Suppose, the amount of 80/20 mixture is  $x$ pounds and the amount of 50/50 mixture is  $y$ pounds.

So, the amount of peanuts in 80/20 mixture $= 0.80x$ pound and the amount of almonds in 80/20 mixture $=0.20x$ pound.

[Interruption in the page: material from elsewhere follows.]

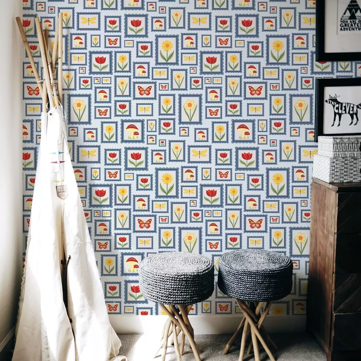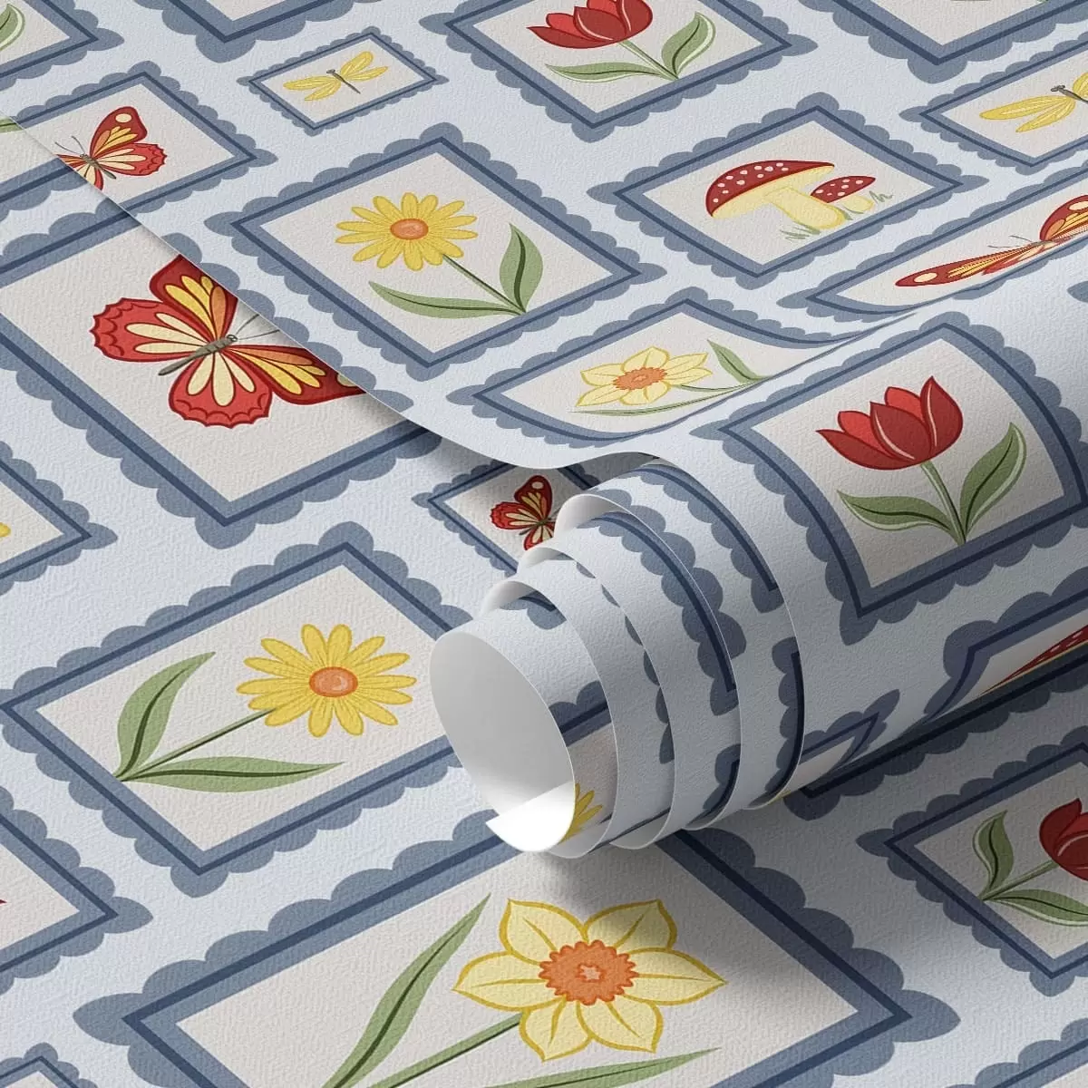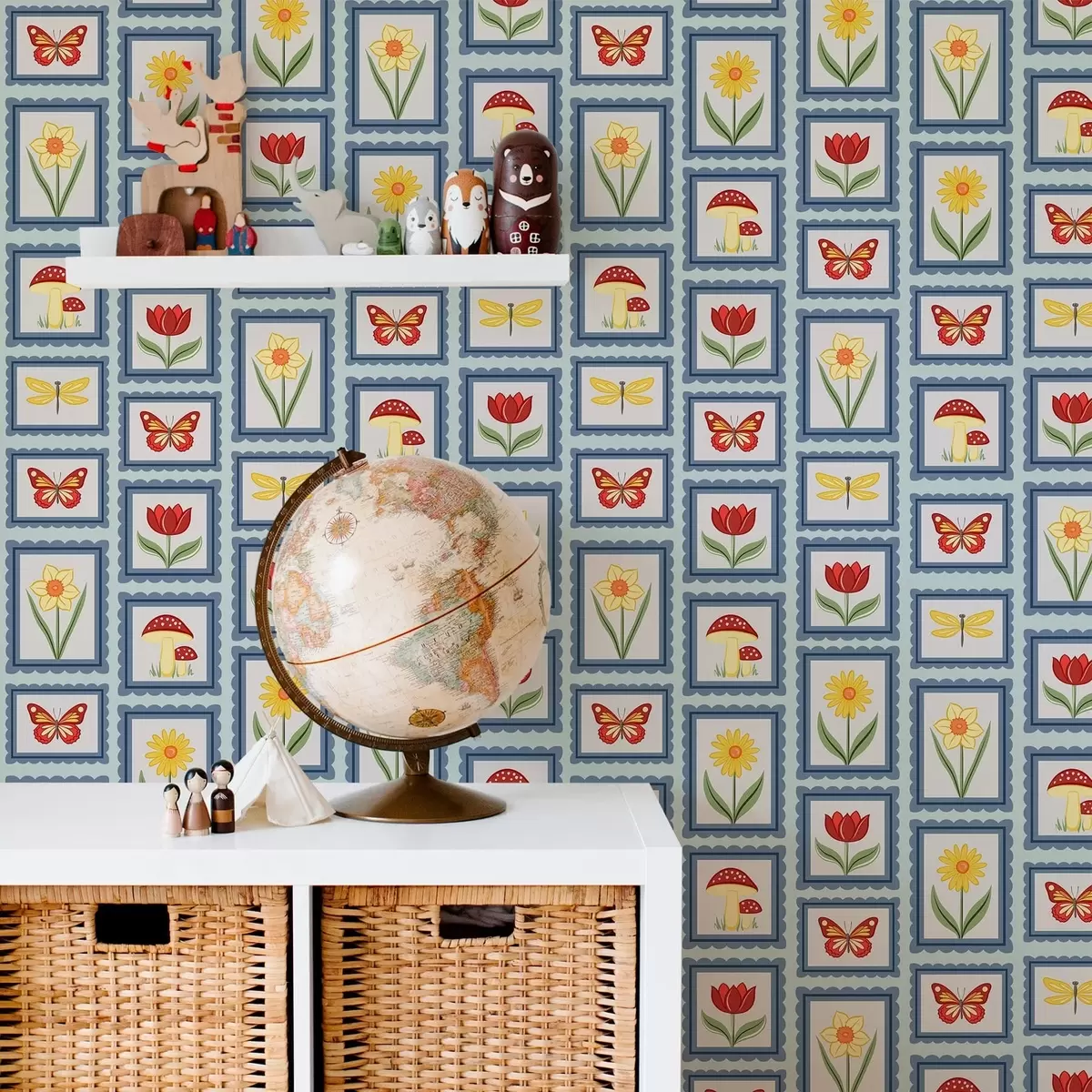 Papel de parede Ilustrações emolduradas sobre fundo azul Nr. a01176

And the amount of peanuts in 50/50 mixture $=0.50y$ pound and the amount of almonds in 50/50 mixture $=0.50y$ pound.

Now, Sarah would like to make a 6 pounds nut mixture that is 60% peanuts and 40% almonds.

So, the amount of peanuts in that mixture $=(6\times 0.60)=3.60$ pounds

and the amount of almonds in that mixture $=(6 \times 0.40)= 2.40$ pounds.

So, the system of equations will be.........

$0.80x+0.50y=3.60 ...................(1)\\\\ 0.20x+0.50y=2.40...................(2)$

Subtracting equation (2) from equation (1), we will get.....

$(0.80x+0.50y)-(0.20x+0.50y)=3.60-2.40\\ \\ 0.60x=1.20\\ \\ x= \frac{1.20}{0.60}=2$

Now, plugging this $x=2$ into equation (1), we will get......

$0.80(2)+0.50y=3.60\\ \\ 1.60+0.50y=3.60\\ \\ 0.50y=3.60-1.60=2\\ \\ y=\frac{2}{0.50}=4$

So, the amount of 80/20 mixture is 2 pounds and the amount of 50/50 mixture is 4 pounds.